Performance of in-place alters for DDL operations

In-place alter operations on data definition language (DDL) statements can slow performance. Therefore, monitor outstanding in-place alter operation because many outstanding alter operations affect subsequent ALTER TABLE statements.

The oncheck -pT command displays data-page versions for outstanding in-place alter operations. An in-place alter is outstanding when data pages still exist with the old definition.

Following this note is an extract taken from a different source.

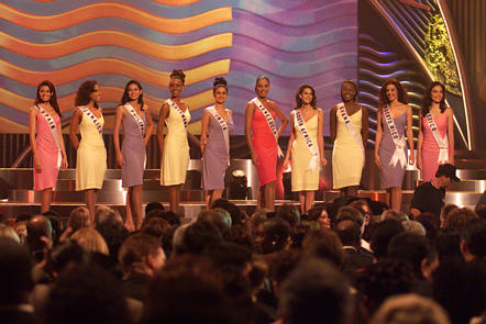 The swimsuit segment with a little bit of "Limbo Fire" was again very energetic and exciting. The delegates themselves really didn't do much though. Spain had sensational form and she broke the hex that the delegate who was called first recently had for some time. Mexico's stance could have used some work but she did look shapely. Jamaica needed more bust but she was fit. She was cute when she turned away from the audience and suddenly turned back. Puerto Rico looked fantastic and I must admit I was surprised at her low score as I was with Ana Rosa Brito! I did noticed Brenda's ribs poking out on occasion but she looked good. Miss Philippines had excellent form. I think the judges knew about Miriam's notorious fall so this may have helped her to get high scores. Did you notice how she placed her hands to make her shoulders look broader? Out comes Miss Ghana and I could think of at least 30 delegates who had better bodies than her because her form was not very appealing and her legs were not exactly ideal. I wasn't surprised at this score but I was surprised that she beat Miss India by a hundredth. Botswana had a figure similar to Wendy Fitzwilliam. She looked great as any Miss Universe should. South Africa also had an excellent form. Sonia definitely has the look of an American celebrity. To me, she looks like Mariah Carey with darker hair but some other people say she looks like Jennifer Love Hewitt. She definitely has a look though. Here comes Miss India complete with her ENORMOUS BREASTS! I couldn't believe I never noticed the size of her breasts before. They were huge! As Oprah Winfrey's best friend Gail said to Oprah, "I have a black eye...One of your boobs hit me in the face!" Gul could have used some toning. Carolina Indriago look so striking and I thought her score was way too low. Venezuela never ever hits 6th place!! What happened?! Julie also mentioned that there wasn't much focus on breasts this year but Miss India had enough breasts for everybody so that was fine. The final limbo was freaky but she did it and they must have put something in her hair to keep it from catching fire.

Sample oncheck -pT output for the customer table shows a portion of the output that the following oncheck command produces after four in-place alter operations are run on the customer demonstration table:
Figure 1: Sample oncheck -pT output for the customer table
oncheck -pT stores_demo:customer

...
Home Data Page Version Summary

            Version           Count

            0 (oldest)           2
            1           0
            2           0
            3           0
            4 (current)           0
...
The Count field in Sample oncheck -pT output for the customer table displays the number of pages that currently use that version of the table definition. This oncheck output shows that four versions are outstanding:
  • A value of 2 in the Count field for the oldest version indicates that two pages use the oldest version.
  • A value of 0 in the Count fields for the next four versions indicates that no pages were to the latest table definition.
Important: As you perform more in-place alter operation on a table, each subsequent ALTER statement or the SQL statements that run against the tables with outstanding alters take more time to run than the previous statement. To maintain efficient performance, regularly remove outstanding in-place alter operations.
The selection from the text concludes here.